For all their expertise in the field, many cybersecurity vendors are as dangerously exposed to Internet-borne threats as the customers their technologies are designed to protect.
Israel-based security provider Reposify recently used its external attack surface management platform to analyze the external assets and networks of 35 leading cybersecurity vendors and over 350 of their affiliates over a two-year period. weeks. Reposify’s 24/7 web analytics, like those of other industry vendors, are designed to help organizations understand their attack surface and exposure so they can harden or implement new checks if necessary.
Reposify focused on infrastructure, applications, and external user profiles, says Yaron Tal, Founder and CTO of Reposify. This included everything from databases hosted in the cloud; remotely accessible sites; web apps; internal network assets, such as portmappers, routers, switches, web servers, storage and backup; and development tools, he says.
The company’s analytics have shown that a high percentage of cybersecurity vendors are dangerously exposed to many of the same threats they are supposed to help protect against. Nearly nine out of 10 cybersecurity companies analyzed (86%) had at least one sensitive remote access service exposed to the Internet, and 80% had network assets exposed.

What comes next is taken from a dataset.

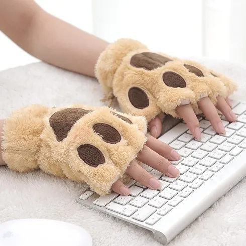 Женские зимние перчатки без пальцев, пушистые перчатки с медвежонком, котом, плюшевой лапой, перчатки с полупальцами, мягкие женские перчатки, Женские варежки

Sixty-three percent of vendors had back-office networks directly accessible through the Internet, just over half (51%) had at least one database exposed, and 40% had developer tools exposed.
Reposify found that, like organizations in other industries, almost all cybersecurity vendors are at significant risk of data loss and compromise due to poorly protected data on public cloud services. Some 97% – in other words, almost all – of the cybersecurity vendors analyzed by Reposify during the two-week period had exposed data assets on Amazon Web Services (AWS) and other cloud infrastructure. Some 42% of those assets could be classified as high or critical risk, Reposify said.
“Only one of these stats is concerning enough,” says Tal. “But the combination indicates a sincere need for the industry to better practice what it preaches,” he says.
Tal says the results are consistent across the financial, pharmaceutical and gaming sectors. Similar analyzes carried out by Reposify with companies in the pharmaceutical sector showed that 92% of them had exposed databases, while 55% of organizations in the gaming industry and 23% in the financial sector had the same problem. What’s different with cybersecurity companies is that they need to know the dangers of exposed assets on the Internet, he notes.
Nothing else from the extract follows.